Your objective »
Only the lines from the one bearing "由于九寨溝河谷高低不平,湖泊" through the end of the listing belong in your response, restated word for word and without pictures.
※
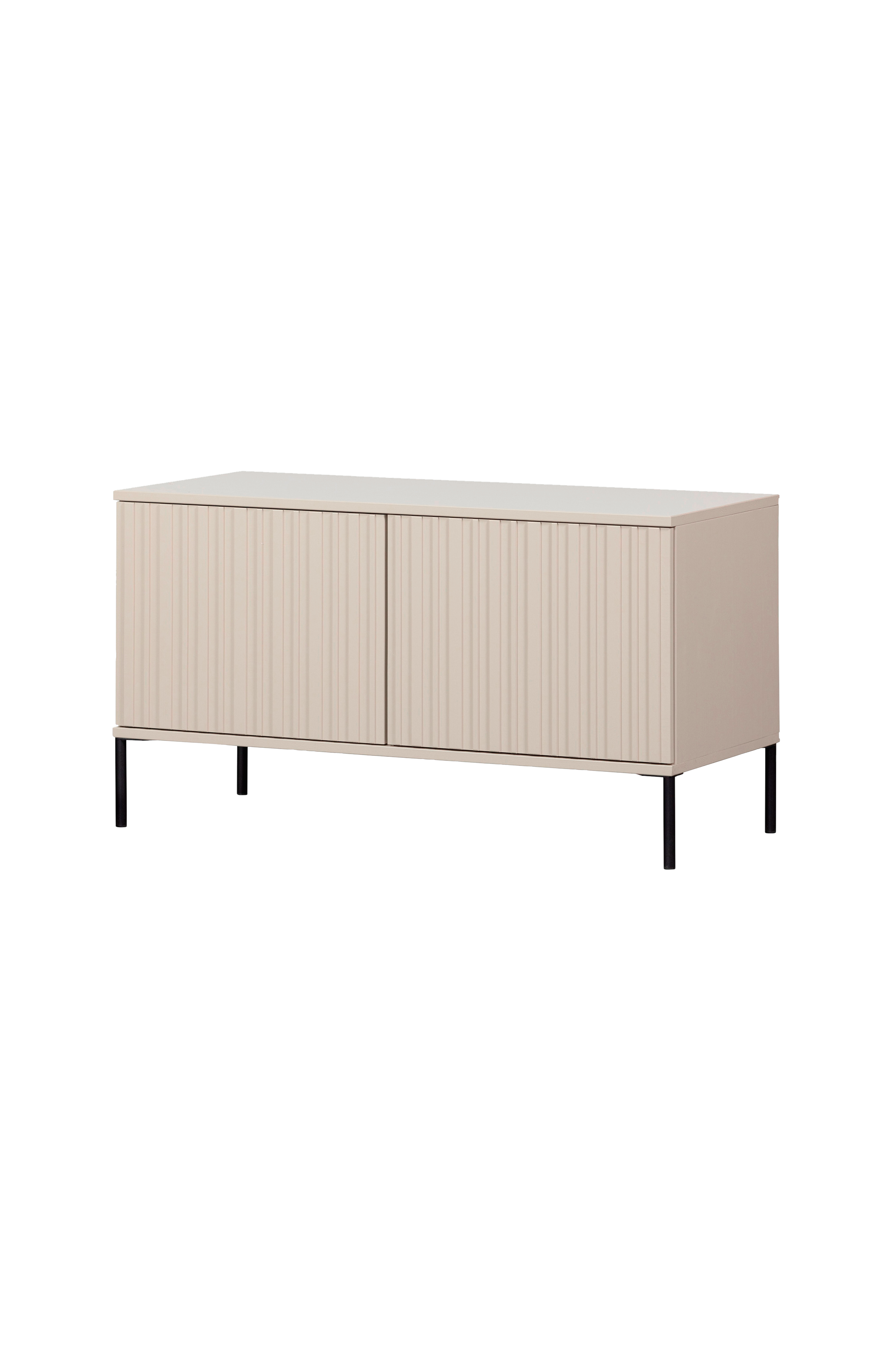 Stabilt tv-möbel med grafiskt präglade dörrar
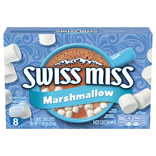 Swiss Miss Chocolate Hot Cocoa Mix With Marshmallows makes a warm, delightful hot cocoa drink with mini marshmallows that will bring you comfort and everyday warmth whenever you need it. This hot cocoa drink mix easily transforms into a rich, creamy hot cocoa with marshmallows that delivers on that timeless flavor your family has always known and loved. Swiss Miss Hot Cocoa Mix is packaged in individual packets so every mug you make is equally delicious. You won't miss your old hot chocolate with marshmallows. This chocolate hot cocoa powder is made with real cocoa and nonfat milk to give you that comforting, rich and creamy taste you expect from Swiss Miss. Not only is this a gluten free hot cocoa mix, but it's made with no artificial sweeteners, preservatives, flavors or colors. Preparing a delicious mug of this hot cocoa is easy. Empty the chocolatey cocoa mix into a mug, add 8 ounces of hot water (or milk for a richer taste) and stir. Enjoy a mug as part of your morning routine, on chilly days or as a sweet evening treat. You can use this cocoa mix in different ways. Try making a tasty iced cocoa drink to cool you down, or incorporate the hot cocoa mix into your recipes for brownies, cookies, cakes and more. Whatever you’re warming up to, know that Swiss Miss will give you everything you need in the palm of your hands.
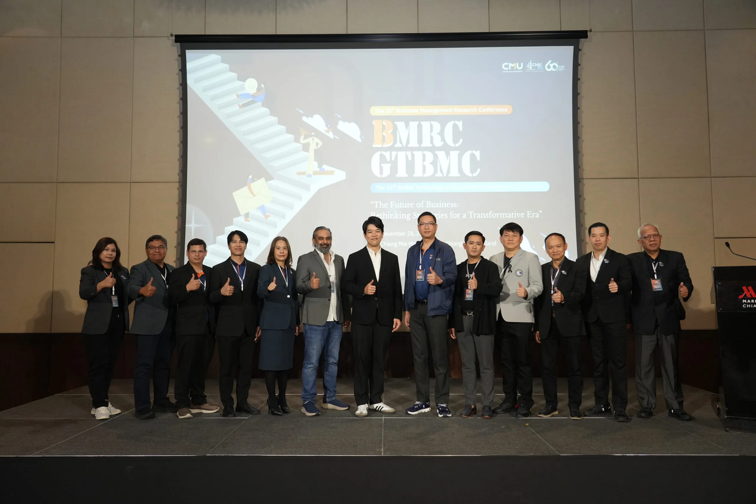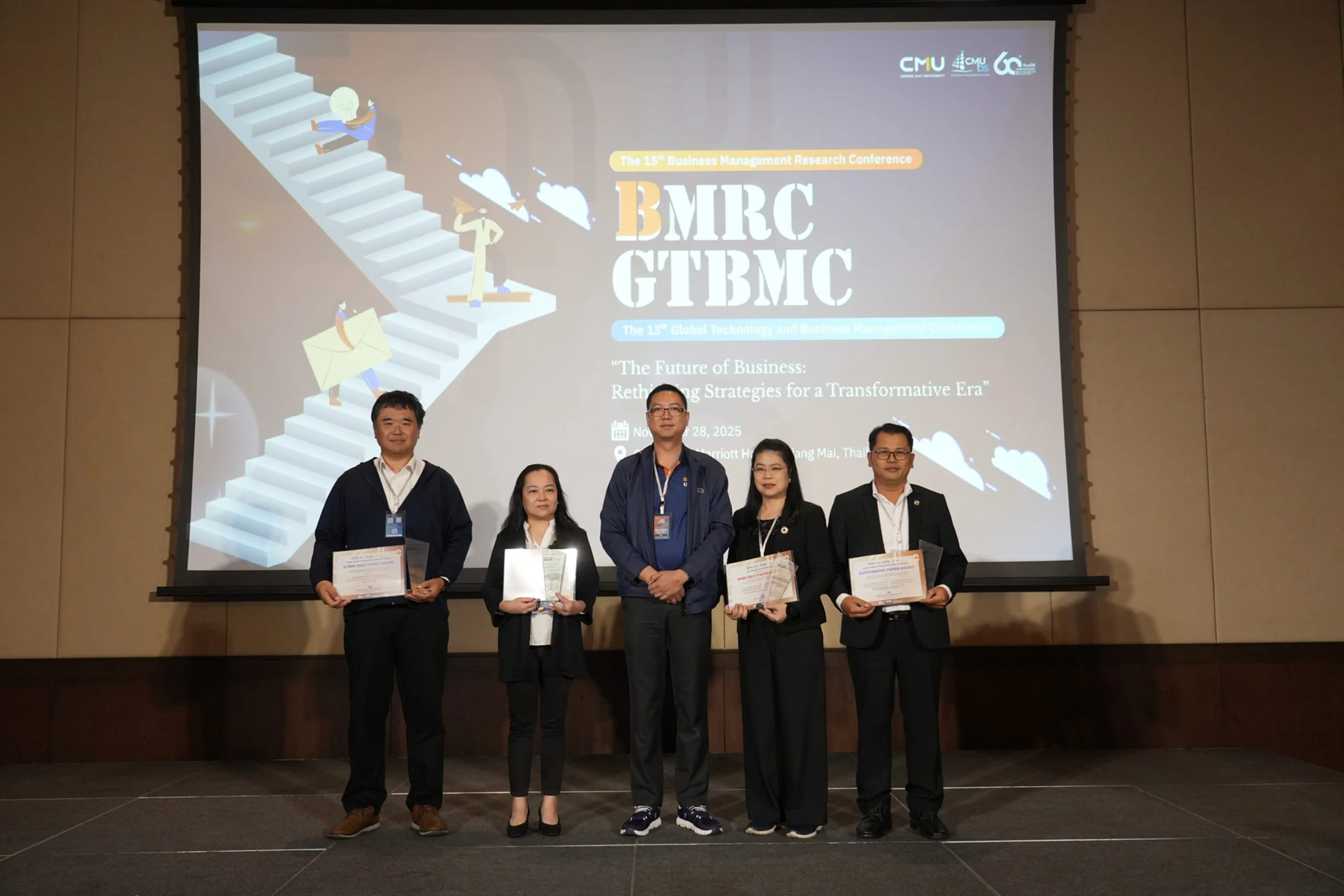เมื่อวันที่ 28 พฤศจิกายน 2568  คณะบริหารธุรกิจ มหาวิทยาลัยเชียงใหม่ ร่วมกับสมาคมสำนักงานบัญชีคุณภาพ สมาคมสำนักงานสอบบัญชีไทย และ BINUS University Business School สาธารณรัฐอินโดนีเซีย จัดการประชุมผลงานวิจัยด้านการจัดการธุรกิจระดับชาติ ครั้งที่ 15 (The Business Management Research Conference: BMRC) และการประชุมผลงานวิจัยนานาชาติด้านการจัดการธุรกิจ ครั้งที่ 13 (The Global Technology and Business Management Conference: GTBMC) ภายใต้แนวคิด “The Future of Business: Rethinking Strategies for a Transformative Era” ณ โรงแรมเชียงใหม่ แมริออท เพื่อเปิดเวทีให้อาจารย์ นักวิจัย และนักวิชาการจากทั้งในและต่างประเทศ นำเสนอผลงานวิจัย ประกวดบทความ และแลกเปลี่ยนองค์ความรู้เชิงลึกที่สร้างผลกระทบทั้งด้านวิชาการ นวัตกรรม และสังคม พร้อมเสริมศักยภาพนักวิชาการและนักศึกษาระดับบัณฑิตศึกษาให้นำองค์ความรู้ไปต่อยอดสู่การพัฒนาธุรกิจในระดับชุมชนและระดับประเทศ โดยมีผู้เข้าร่วมงานกว่า 160 คน
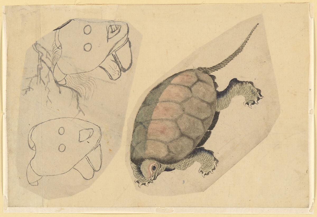 Two Sketches: One of a Turtle, the Other of Two Unidentified Objects
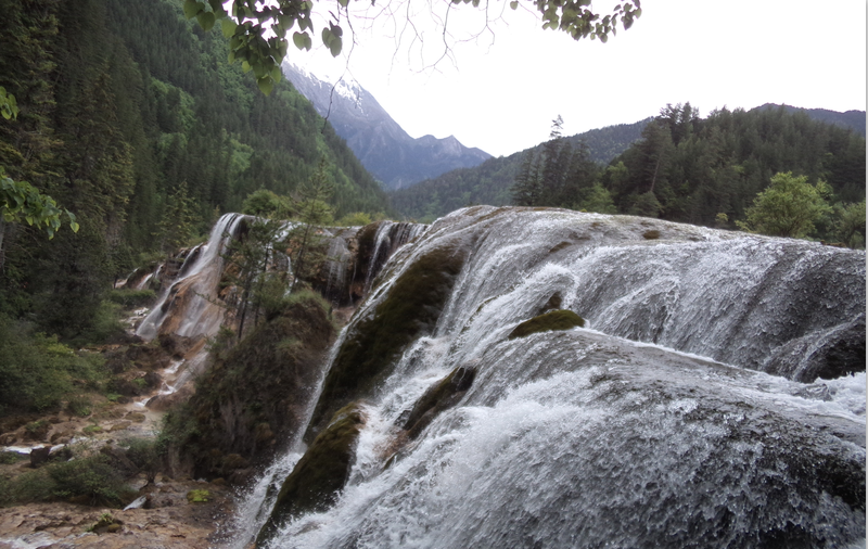 由于九寨溝河谷高低不平,湖泊與湖泊之間恰似一級(jí)級(jí)天然的臺(tái)階,由此形成一道道高低錯(cuò)落的瀑布,珍珠灘瀑布最為壯觀,據(jù)說(shuō)當(dāng)年西游記劇組就是在這兒拍攝了師徒四人過(guò)瀑布的場(chǎng)景。那瀑布瀉下的水簾宛如白練騰空,銀花四濺,而聲音更是雄渾,不愧為一絕。雪峰插云,古木參天,平湖飛瀑......九寨溝,大自然的杰作,童話(huà)的世界,人間的仙境!
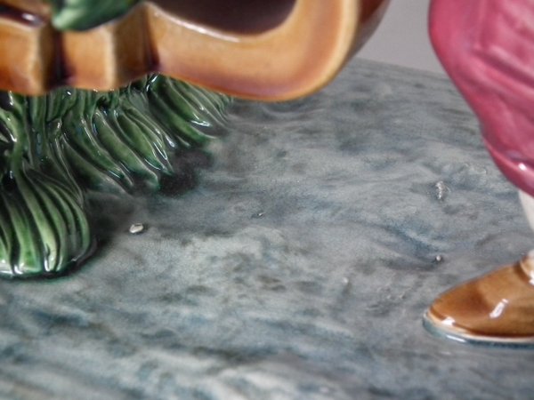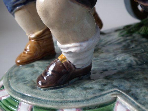 Right boy reglued and joins retouched where feet join the base,
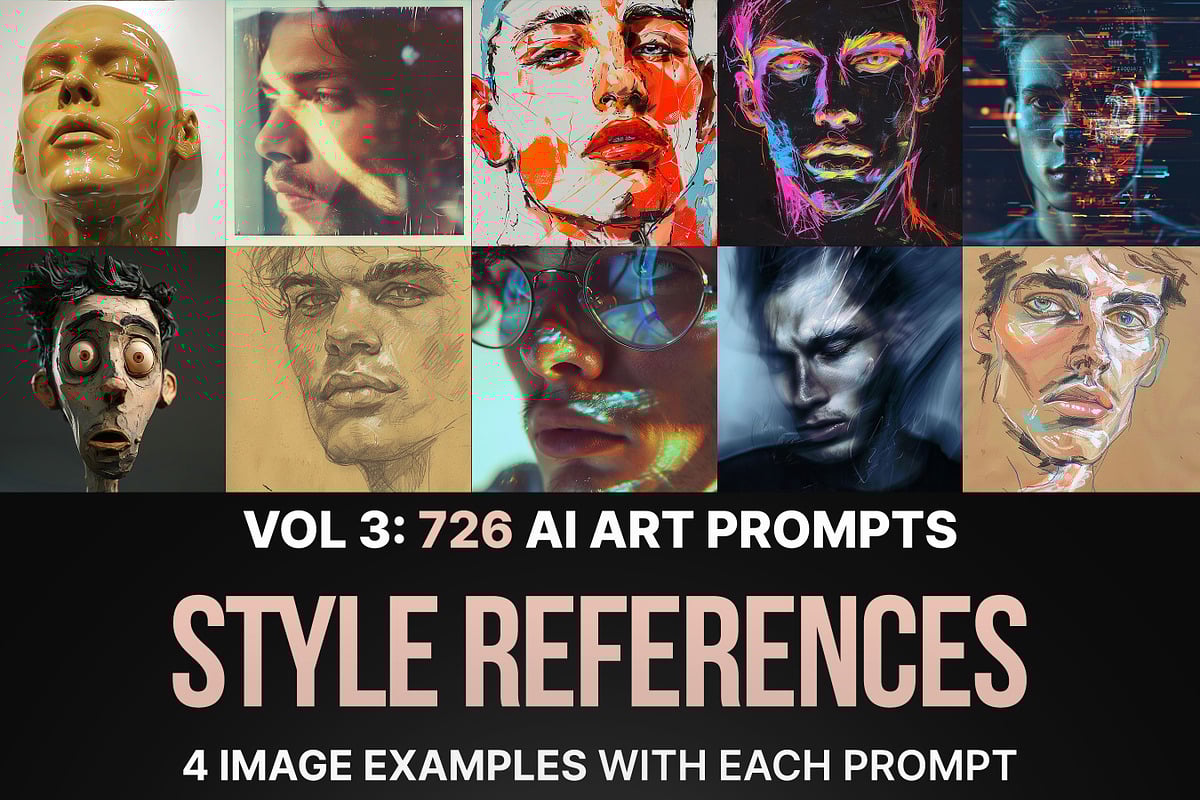 Transform your AI art with 726 expertly crafted style reference prompts featuring diverse portrait and character aesthetics.
※
Result of the exercise »
 由于九寨溝河谷高低不平,湖泊與湖泊之間恰似一級(jí)級(jí)天然的臺(tái)階,由此形成一道道高低錯(cuò)落的瀑布,珍珠灘瀑布最為壯觀,據(jù)說(shuō)當(dāng)年西游記劇組就是在這兒拍攝了師徒四人過(guò)瀑布的場(chǎng)景。那瀑布瀉下的水簾宛如白練騰空,銀花四濺,而聲音更是雄渾,不愧為一絕。雪峰插云,古木參天,平湖飛瀑......九寨溝,大自然的杰作,童話(huà)的世界,人間的仙境!
 Right boy reglued and joins retouched where feet join the base,
 Transform your AI art with 726 expertly crafted style reference prompts featuring diverse portrait and character aesthetics.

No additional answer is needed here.